Activating mutations in GNAQ/GNA11 occur in over 90% of uveal melanomas (UMs), the most lethal melanoma subtype; however, targeting these oncogenes has proven challenging and inhibiting their downstream effectors show limited clinical efficacy. Here, we performed genome-scale CRISPR screens along with computational analyses of cancer dependency and gene expression datasets to identify the inositol-metabolizing phosphatase INPP5A as a selective dependency in GNAQ/11-mutant UM cells in vitro and in vivo. Mutant cells intrinsically produce high levels of the second messenger inositol 1,4,5 trisphosphate (IP3) that accumulate upon suppression of INPP5A, resulting in hyperactivation of IP3-receptor signaling, increased cytosolic calcium and p53-dependent apoptosis. Finally, we show that GNAQ/11-mutant UM cells and patients’ tumors exhibit elevated levels of IP4, a biomarker of enhanced IP3 production; these high levels are abolished by GNAQ/11 inhibition and correlate with sensitivity to INPP5A depletion. Our findings uncover INPP5A as a synthetic lethal vulnerability and a potential therapeutic target for GNAQ/11-mutant-driven cancers.

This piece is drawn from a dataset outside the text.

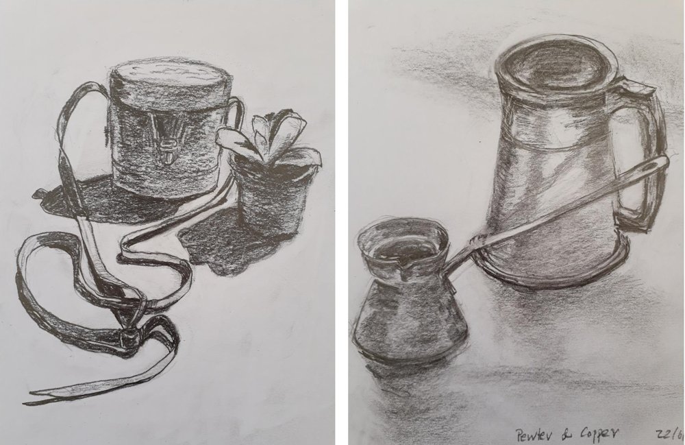 In some ways it is easier to draw from a photograph but photographs can have unwanted distortions especially if you take a shot very close to the object. These distortions can be largely avoided by taking the shot at a distance from the object and zooming in.

GNAQ/GNA11的激活突变发生在超过 90% 的葡萄膜黑色素瘤 (UM) 中，这是最致命的黑色素瘤亚型；然而，事实证明，针对这些癌基因具有挑战性，并且抑制其下游效应子的临床疗效有限。在这里，我们进行了基因组规模的 CRISPR 筛选以及癌症依赖性和基因表达数据集的计算分析，以在体外和体内鉴定肌醇代谢磷酸酶 INPP5A 作为 GNAQ/11 突变 UM 细胞的选择性依赖性。突变细胞本质上产生高水平的第二信使肌醇 1,4,5 三磷酸 (IP3)，其在 INPP5A 抑制时积累，导致 IP3 受体信号传导过度激活、胞质钙增加和 p53 依赖性细胞凋亡。最后，我们发现 GNAQ/11 突变的 UM 细胞和患者的肿瘤表现出 IP4 水平升高，IP4 是 IP3 产生增强的生物标志物；这些高水平会被 GNAQ/11 抑制所消除，并与 INPP5A 耗竭的敏感性相关。我们的研究结果表明，INPP5A 是一种合成致命弱点，也是 GNAQ/11 突变驱动癌症的潜在治疗靶点。